7 Years Later, It's High Time to Let Pirates of the Caribbean Sink in Peace
With no Sparrow to fly ahead of the ship, it’s going down like the Flying Dutchman.
Summary:
- Johnny Depp was exiled by Disney amid his controversial trial and wasn’t welcomed back even after he won it.
- Producer Jerry Bruckheimer recently confirmed that the Pirates of the Caribbean reboot won’t “wait for certain actors.”
- Without Johnny Depp’s Captain Jack Sparrow, the franchise won’t last, judging by the last few movies’ quality.
- It’s high time for Pirates of the Caribbean to go anyway as beyond the original trilogy, the franchise only kept getting worse.
Pirates of the Caribbean won all too much from inviting Johnny Depp: from an experimental mystical pirate story no one fully believed in, it became one of the biggest and most lucrative IPs in the world, spawning five sequels and countless by-product projects along the way. All thanks to its star actor’s eccentric Captain Jack Sparrow who quickly turned from a sidekick into a protagonist.
But now, two decades later, it’s time to let Pirates of the Caribbean do its things — namely, let go of Jack Sparrow and peacefully sink down to the bottom of the sea.
Depp-less Be the New Pirates of the Caribbean
The Johnny Depp vs. Amber Heard case locked many Hollywood doors for the Jack Sparrow actor, but even after he won in the court, most of them remained inaccessible to him. Many speculated that Disney would try to get Depp back on board after firing him, but apparently, that won’t be the case.
“We're gonna reboot Pirates, so that is easier to put together because you don't have to wait for certain actors,” Jerry Bruckheimer, the movies’ producer, recently told ComicBook.

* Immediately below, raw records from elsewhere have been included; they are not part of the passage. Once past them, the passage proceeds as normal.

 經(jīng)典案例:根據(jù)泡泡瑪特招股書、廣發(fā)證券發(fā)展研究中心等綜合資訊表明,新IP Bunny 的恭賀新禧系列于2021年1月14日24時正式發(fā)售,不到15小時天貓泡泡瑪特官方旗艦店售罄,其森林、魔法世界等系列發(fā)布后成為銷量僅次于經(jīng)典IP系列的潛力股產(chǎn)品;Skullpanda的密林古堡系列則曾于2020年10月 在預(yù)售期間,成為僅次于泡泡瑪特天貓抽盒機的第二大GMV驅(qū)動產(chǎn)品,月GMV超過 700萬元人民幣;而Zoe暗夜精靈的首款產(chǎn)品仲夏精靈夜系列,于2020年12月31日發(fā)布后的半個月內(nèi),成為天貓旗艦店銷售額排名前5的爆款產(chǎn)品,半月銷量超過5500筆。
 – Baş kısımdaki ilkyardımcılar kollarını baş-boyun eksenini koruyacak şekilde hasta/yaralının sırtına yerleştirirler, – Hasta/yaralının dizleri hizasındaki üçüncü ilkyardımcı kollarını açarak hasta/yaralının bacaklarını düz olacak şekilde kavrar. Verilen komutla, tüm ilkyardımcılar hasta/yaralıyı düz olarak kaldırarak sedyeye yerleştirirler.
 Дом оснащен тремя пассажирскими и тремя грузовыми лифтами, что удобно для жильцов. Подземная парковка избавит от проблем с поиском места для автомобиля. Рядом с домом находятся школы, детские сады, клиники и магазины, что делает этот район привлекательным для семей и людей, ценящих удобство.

It doesn’t take much computing power to get the message: Johnny Depp will not be part of the upcoming Pirates of the Caribbean reboot. With Disney intending to leave Captain Jack Sparrow behind on the rum island, the company seals its IP’s fate.

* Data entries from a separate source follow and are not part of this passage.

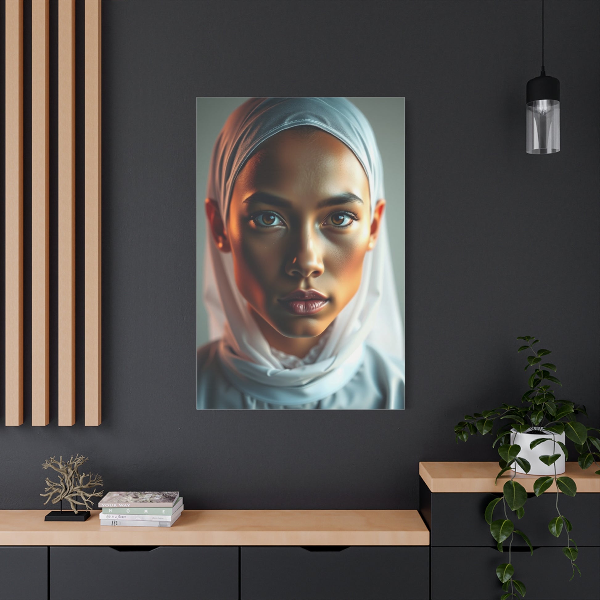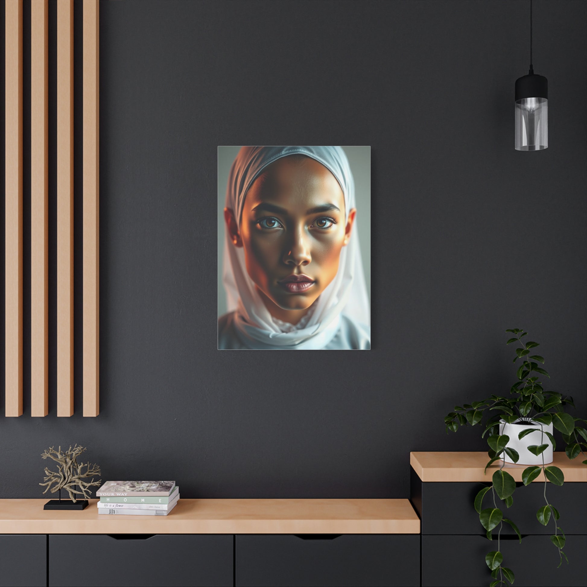 - Materials: cotton and polyester composite (canvas), pine wood (frame)
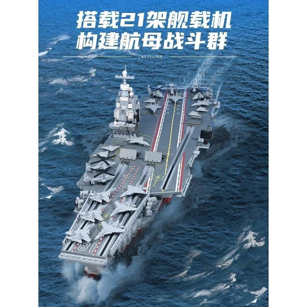 啟蒙福建艦大型航空母艦積木23018軍事拼裝積木玩具成人收藏模型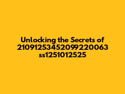 Unlocking The Secrets Of 21091253452099220063 Ss1251012525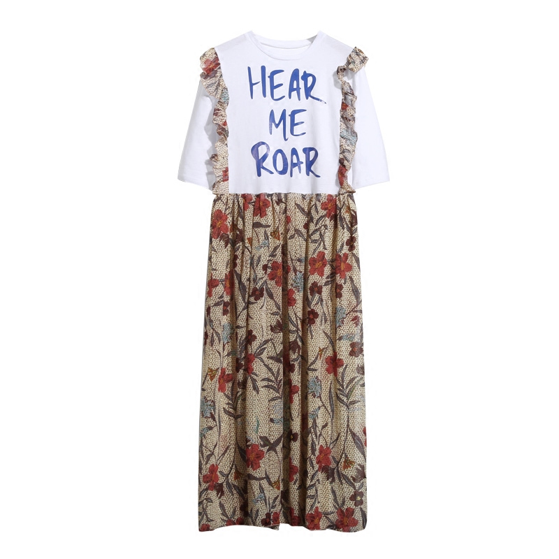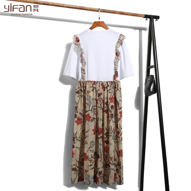 夏季韓版寬松碎花裙荷葉邊長裙T恤假兩件套雪紡吊帶連衣裙女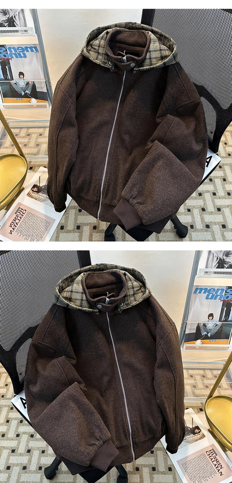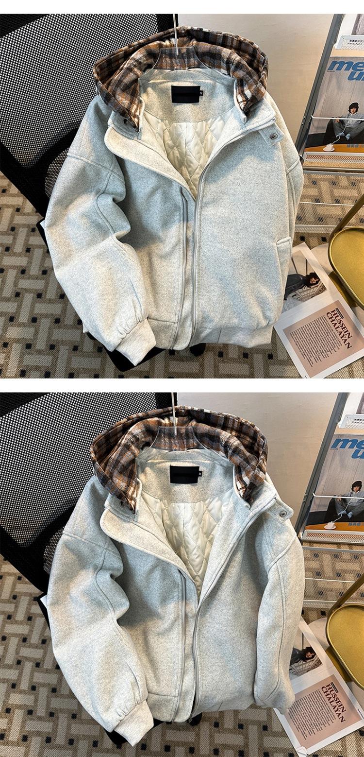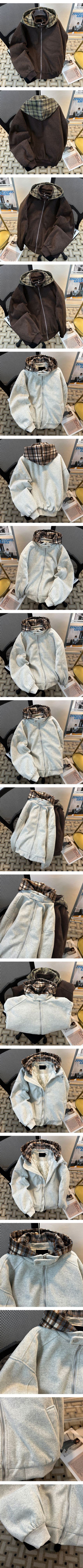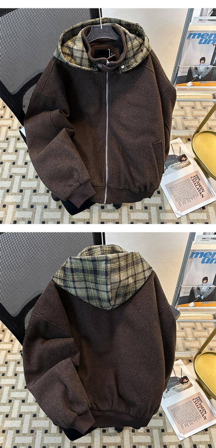 Chaqueta acolchada de algodón con capucha y cuadros escoceses de dos piezas, estilo americano, otoño e invierno 2024, para hombre y mujer, con cremallera urbana retro.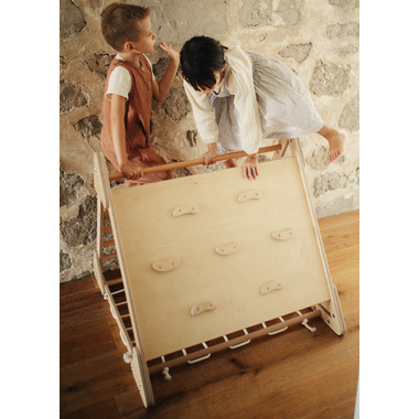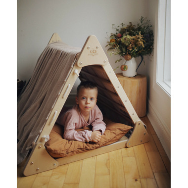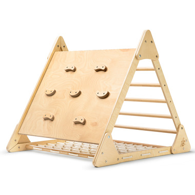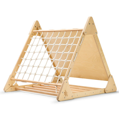 The LARGE Pikler Triple Climber Triangle features 3 different sides for climbing: one with ropes, another with wooden stepping blocks, and a third with dowels. Crafted using responsibly-sourced birch plywood and beech wood, it's a wonderful sustainable option for mobile little ones exploring their adventurous side. Through physical developmental play with the Pikler system, children gain muscular and cardiovascular strength, build self-esteem, improve gross motor skills and explore their imagination simultaneously.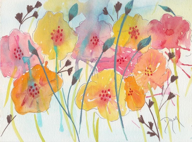Beverly Dyer, Spring Party I (Blüten, Blumen, Frühling, verspielt, Grafik, Wohnzimmer, Treppenhaus, Malerei, Wunschgröße, bunt)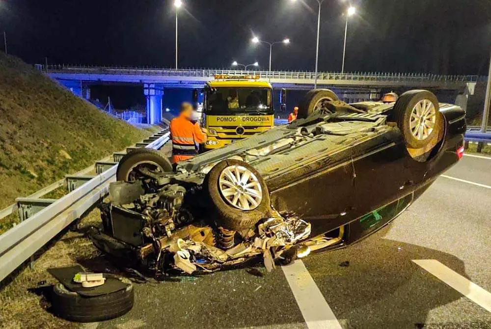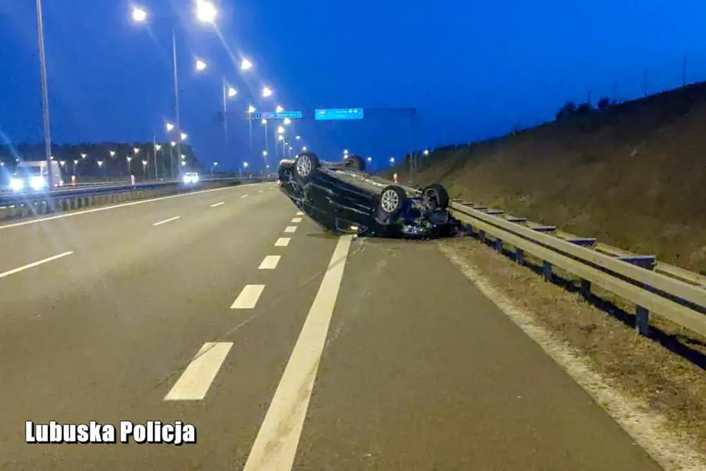 Niemal 3,4 promila alkoholu wydmuchał 29-latek, który na trasie S3 uderzył w busa i dachował. 29-letni kierujący volkswagenem wkrótce stanie przed sądem.

It’s High Time to Let Pirates of the Caribbean Go
Without Johnny Depp, Pirates of the Caribbean is seemingly doomed: beyond the original trilogy, the last few movies were terrible. The only reason the audience still watched them was to spend some quality time with their favorite Captain, and now that he’s gone, the franchise is likely going to plummet like nobody’s business.
It’s high time for it to go, too — so it’s not necessarily a bad thing.
The last Pirates of the Caribbean movies had bizarre storylines and completely lost their origins already. Johnny Depp’s presence somewhat kept them afloat, but in vain: some franchises just aren’t meant to be going forever.
Pirates realistically should have already ended with the third movie — so on our end of this cinematic experience, we’re willing to say farewell and let this once great IP sink peacefully.
And as it goes down, down, down to the bottom of the sea, we’re going to be listening to Davy Jones’ theme music as we rewatch the original trilogy.